*Activity*. Copy every entry below exactly as it appears, leaving out the images.

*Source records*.

--*--

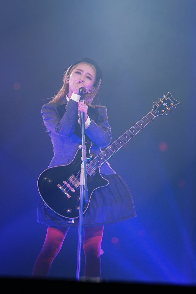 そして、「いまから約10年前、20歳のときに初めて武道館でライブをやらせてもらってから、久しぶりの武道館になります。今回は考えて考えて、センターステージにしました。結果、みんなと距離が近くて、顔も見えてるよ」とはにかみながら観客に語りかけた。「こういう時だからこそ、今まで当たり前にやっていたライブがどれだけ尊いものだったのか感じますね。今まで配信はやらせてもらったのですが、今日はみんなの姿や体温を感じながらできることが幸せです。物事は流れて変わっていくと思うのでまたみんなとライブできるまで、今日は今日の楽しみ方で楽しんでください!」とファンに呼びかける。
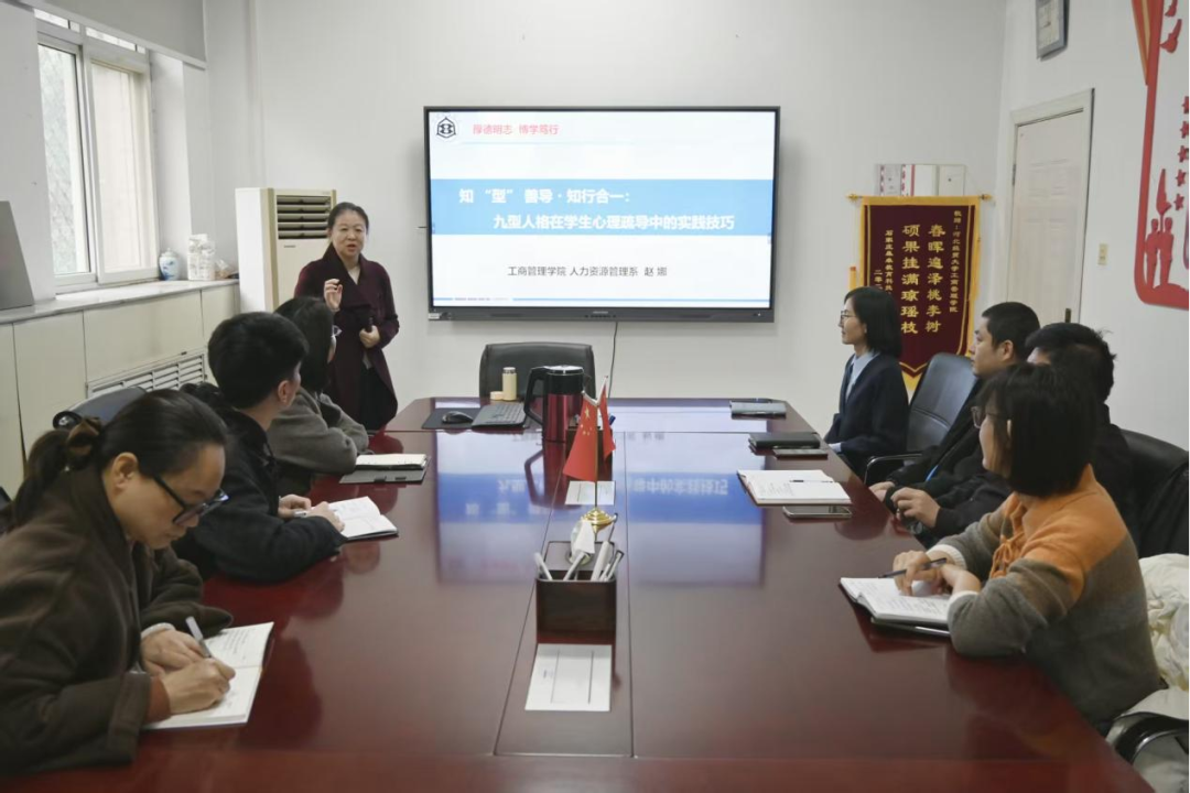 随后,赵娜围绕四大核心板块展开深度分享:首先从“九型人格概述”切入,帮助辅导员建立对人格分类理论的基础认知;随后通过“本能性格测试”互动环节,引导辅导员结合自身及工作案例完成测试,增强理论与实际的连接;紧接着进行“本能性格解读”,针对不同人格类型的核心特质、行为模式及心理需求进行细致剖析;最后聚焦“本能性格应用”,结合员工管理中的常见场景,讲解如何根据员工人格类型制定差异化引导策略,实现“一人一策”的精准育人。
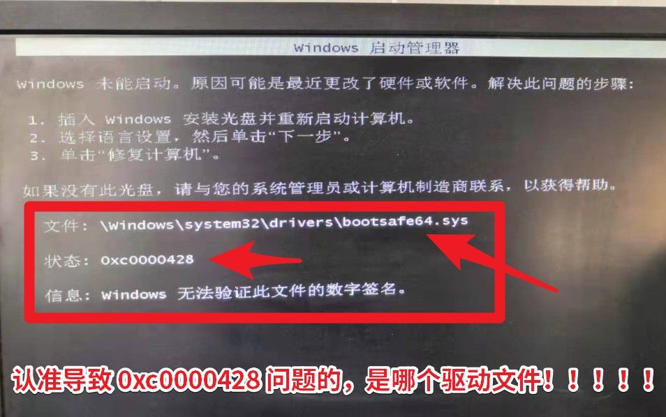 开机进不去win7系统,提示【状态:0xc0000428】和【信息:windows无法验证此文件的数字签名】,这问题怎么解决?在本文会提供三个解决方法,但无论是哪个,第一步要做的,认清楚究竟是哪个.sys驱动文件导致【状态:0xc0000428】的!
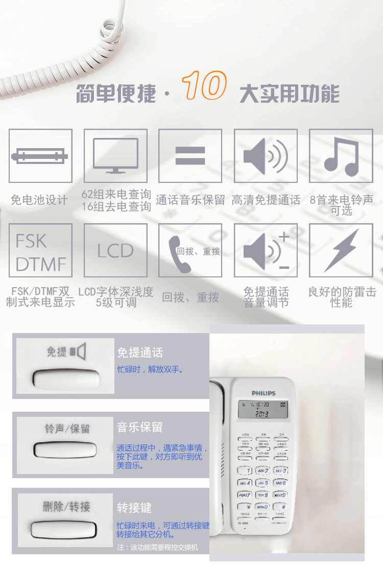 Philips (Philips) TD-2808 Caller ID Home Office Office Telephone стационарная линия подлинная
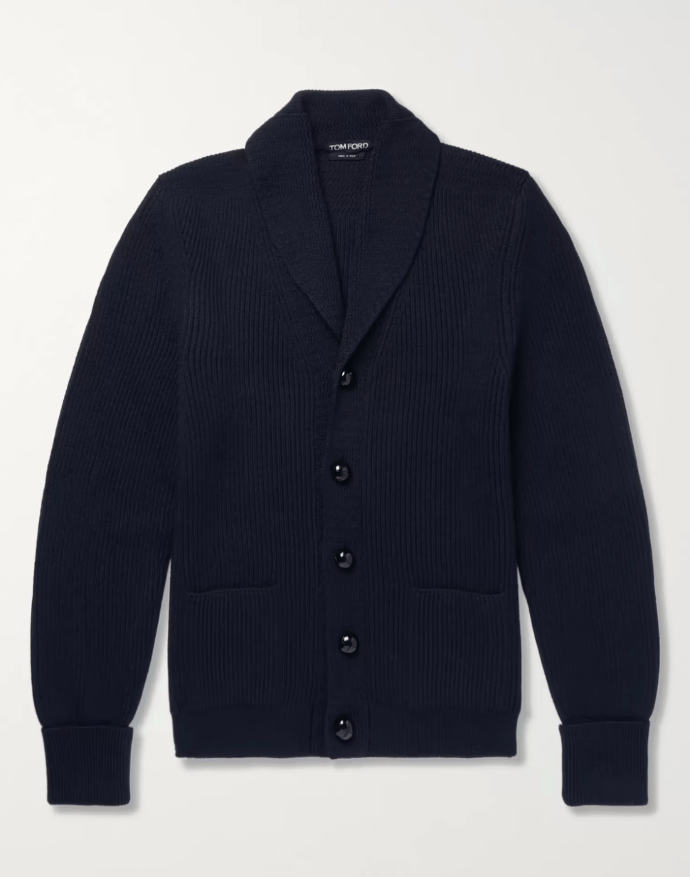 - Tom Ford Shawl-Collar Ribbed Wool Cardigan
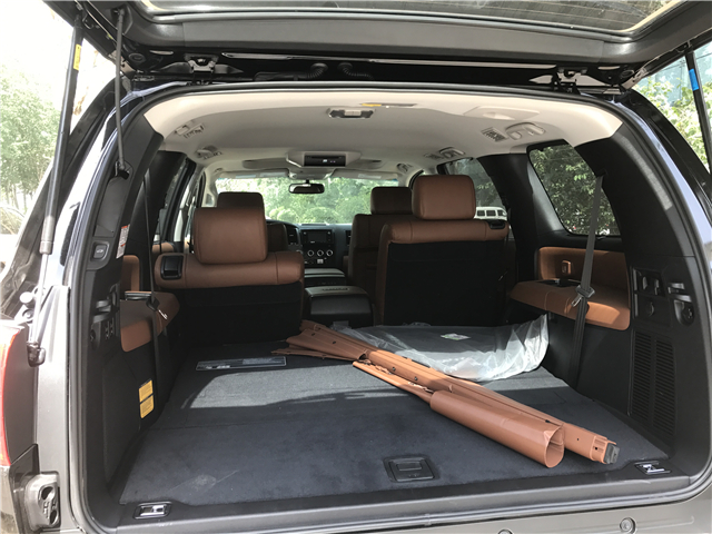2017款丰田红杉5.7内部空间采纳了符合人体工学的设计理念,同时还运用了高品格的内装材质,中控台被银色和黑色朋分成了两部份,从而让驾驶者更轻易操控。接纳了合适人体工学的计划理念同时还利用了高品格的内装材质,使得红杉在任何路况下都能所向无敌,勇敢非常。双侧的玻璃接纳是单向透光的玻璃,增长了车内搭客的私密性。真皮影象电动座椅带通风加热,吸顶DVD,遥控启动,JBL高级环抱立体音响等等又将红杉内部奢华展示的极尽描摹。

--*--

*Finished exercise*.
 そして、「いまから約10年前、20歳のときに初めて武道館でライブをやらせてもらってから、久しぶりの武道館になります。今回は考えて考えて、センターステージにしました。結果、みんなと距離が近くて、顔も見えてるよ」とはにかみながら観客に語りかけた。「こういう時だからこそ、今まで当たり前にやっていたライブがどれだけ尊いものだったのか感じますね。今まで配信はやらせてもらったのですが、今日はみんなの姿や体温を感じながらできることが幸せです。物事は流れて変わっていくと思うのでまたみんなとライブできるまで、今日は今日の楽しみ方で楽しんでください!」とファンに呼びかける。
 随后,赵娜围绕四大核心板块展开深度分享:首先从“九型人格概述”切入,帮助辅导员建立对人格分类理论的基础认知;随后通过“本能性格测试”互动环节,引导辅导员结合自身及工作案例完成测试,增强理论与实际的连接;紧接着进行“本能性格解读”,针对不同人格类型的核心特质、行为模式及心理需求进行细致剖析;最后聚焦“本能性格应用”,结合员工管理中的常见场景,讲解如何根据员工人格类型制定差异化引导策略,实现“一人一策”的精准育人。
 开机进不去win7系统,提示【状态:0xc0000428】和【信息:windows无法验证此文件的数字签名】,这问题怎么解决?在本文会提供三个解决方法,但无论是哪个,第一步要做的,认清楚究竟是哪个.sys驱动文件导致【状态:0xc0000428】的!
 Philips (Philips) TD-2808 Caller ID Home Office Office Telephone стационарная линия подлинная
 - Tom Ford Shawl-Collar Ribbed Wool Cardigan
2017款丰田红杉5.7内部空间采纳了符合人体工学的设计理念,同时还运用了高品格的内装材质,中控台被银色和黑色朋分成了两部份,从而让驾驶者更轻易操控。接纳了合适人体工学的计划理念同时还利用了高品格的内装材质,使得红杉在任何路况下都能所向无敌,勇敢非常。双侧的玻璃接纳是单向透光的玻璃,增长了车内搭客的私密性。真皮影象电动座椅带通风加热,吸顶DVD,遥控启动,JBL高级环抱立体音响等等又将红杉内部奢华展示的极尽描摹。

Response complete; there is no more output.